Posted to user@nutch.apache.org by Milica Bogicevic <mb...@nsphere.net> on 2012/03/22 15:15:14 UTC

Amazon S3 and EC2

Hi,

I'm trying to save crawled data ona S3.
I am using Nutch 1.4 and Hadoop 0.20.2 and everything works fine on my
local machine.

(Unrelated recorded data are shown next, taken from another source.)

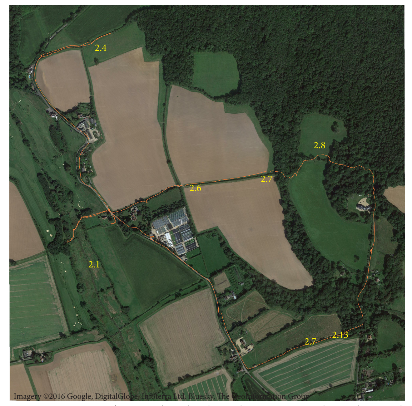
Map 1. 2016 Survey route for Binstead parish and major locations mentioned in text (para. nos.).

edge of their range. As the Cinnabar Moth feeds on Ragwort it was promoted as a counter to the 'pull it up everywhere' (very poor control management for ragwort) brigade. One man's meat.... What the actual situation is with The Cinnabar (which is an effective control agent itself) is much less clear. See http://www.ragwort.org.uk/ for a fairly dispassionate look at Ragwort.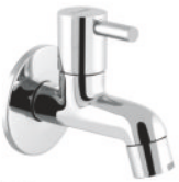
Bib Cock With Flange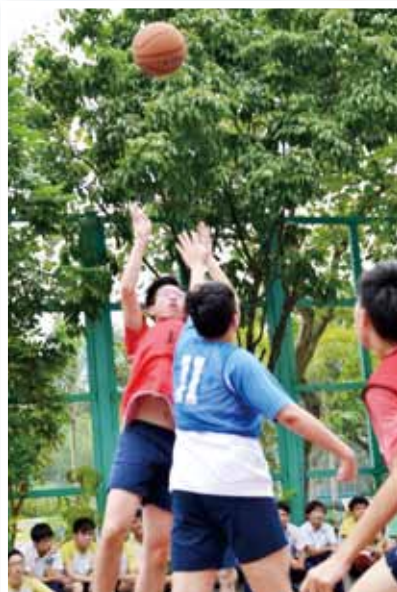
同學在社際籃球比賽一展所長。

本校提倡六育「德、智、體、群、美、靈」，對學生的體能發展相當重視。除了每年舉辦陸運會外，更在中一級推行「一人一運動」計劃，讓同學享受不同運動的樂趣，有助培養他們終身運動的習慣。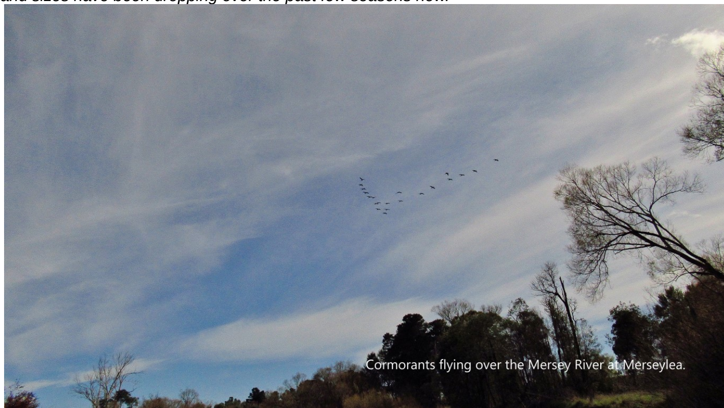
Yes, that's Cormorants flying over the Mersey River at Merseylea..

biggest disappointments this season was the lack of rainbow trout in the Mersey River, their numbers and sizes have been dropping over the past few seasons now.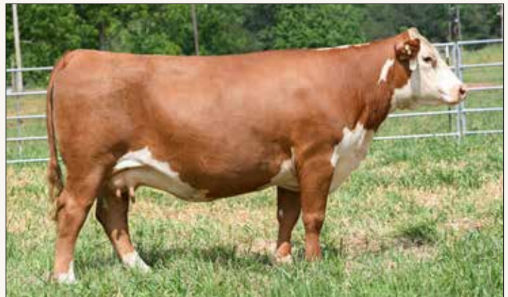
KRM 606 FOREVER UR GIRL F1 ET – Dam of Lot 8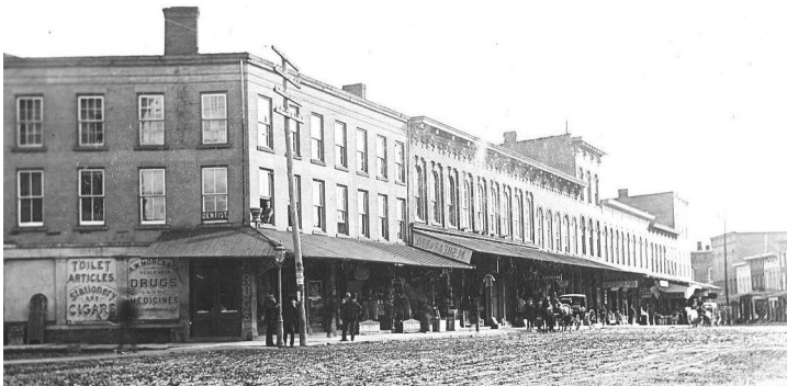
300 block of Pennsylvania Avenue West

18. The name _____ is synonymous with a long-standing dry cleaner, but it also goes way back in Warren’s past with as a dry-goods store. (219 PA Ave., W.)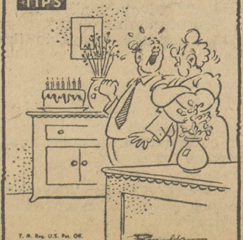
Hey! That bakery in the Want Ads cheated you — there's only 31 candles on your cake!

It's what you learn after you know everything that really counts.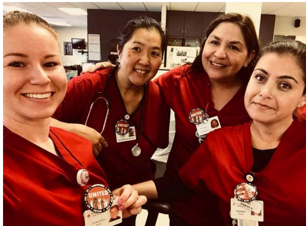
SEIU Local 721 * Southern California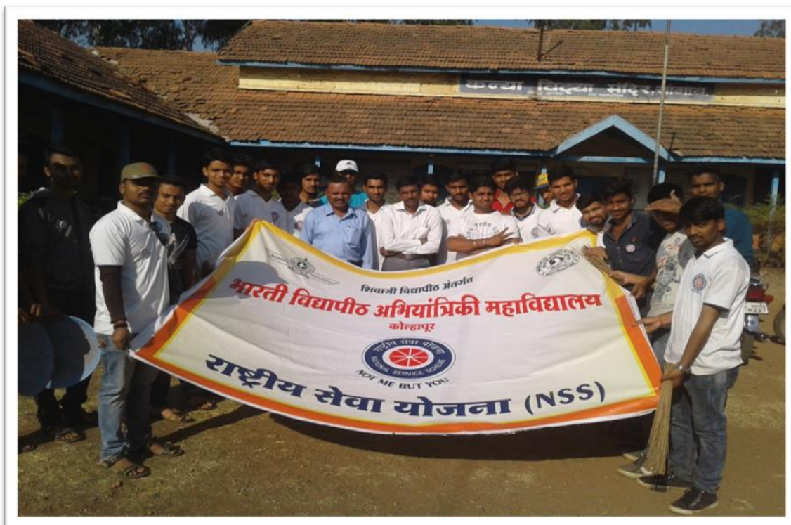
Group Photo-NSS Volunteers for Rally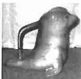
Seal Water Pitcher $1,802.00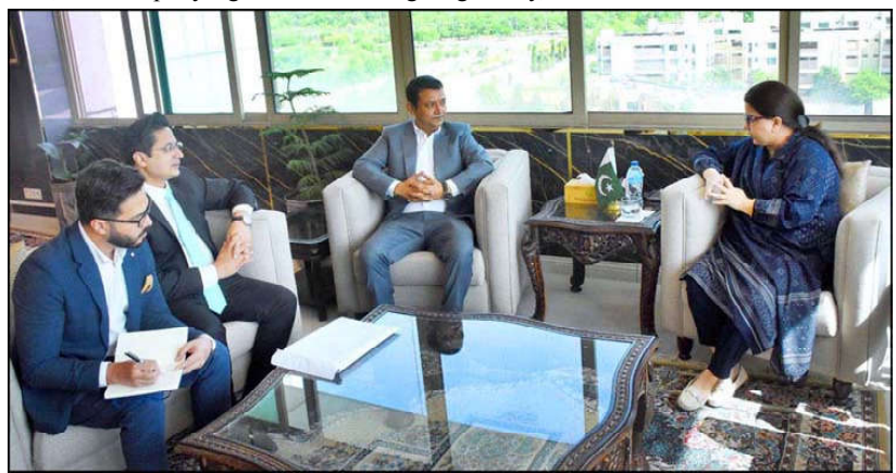
ISLAMABAD: Delegation of Abacus Consulting calls on Minister of State for IT and Telecommunication, Shaza Fatima Khawaja.

During the press conference here at a local hotel, Ashrafi emphasized the importance of booking Hajj journeys only through authorized organizers, cautioning against fraudulent activities perpetrated by unauthorized groups through social media platforms. He urged intending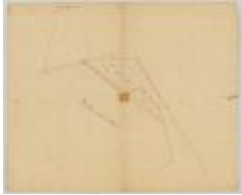
Map of Lake's Patent adjoining Wallumschack Patent. Map #770B (NYS A0273-78_770B)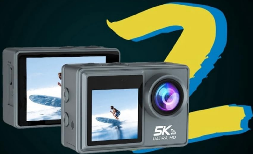
Image 6.3: Depicts the dual-screen design, showcasing both the main rear screen and the smaller front screen for versatile viewing and framing.

A new front screen is added to the traditional rear screen, providing a live preview for selfies, so you can take selfies with ease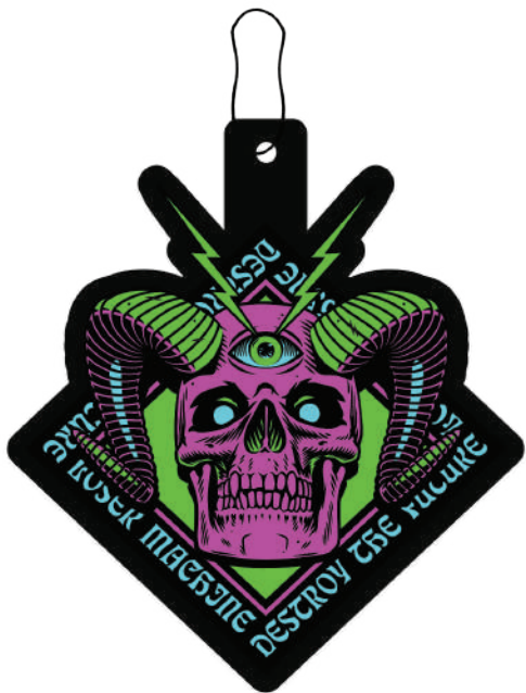
EYE OF INSIGHT AIR FRESHENER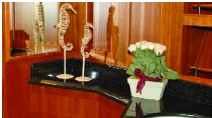
Vanity in guest stateroom head

When I try to do the same thing on EC2 using EMR and store
data on S3, I'm getting following exception:

Exception in thread "main"
org.apache.hadoop.mapred.InvalidInputException: Input path does not
exist: hdfs://domU-12-31-39-0B-00-88.compute-1.internal:9000/data/crawl/flowers/urls/seed.txt
	at org.apache.hadoop.mapred.FileInputFormat.listStatus(FileInputFormat.java:190)
	at org.apache.hadoop.mapred.FileInputFormat.getSplits(FileInputFormat.java:201)
	at org.apache.hadoop.mapred.JobClient.writeOldSplits(JobClient.java:858)
	at org.apache.hadoop.mapred.JobClient.submitJobInternal(JobClient.java:829)
	at org.apache.hadoop.mapred.JobClient.submitJob(JobClient.java:777)
	at org.apache.hadoop.mapred.JobClient.runJob(JobClient.java:1297)
	at org.apache.nutch.crawl.Injector.inject(Injector.java:217)
	at org.apache.nutch.crawl.Crawl.run(Crawl.java:127)
	at org.apache.hadoop.util.ToolRunner.run(ToolRunner.java:65)


I'm sure that I've set up input path correctly.

If you have any ideas, it will be more than welcome.

Or... If I succeed in my attentions, I'll let you know.

Milica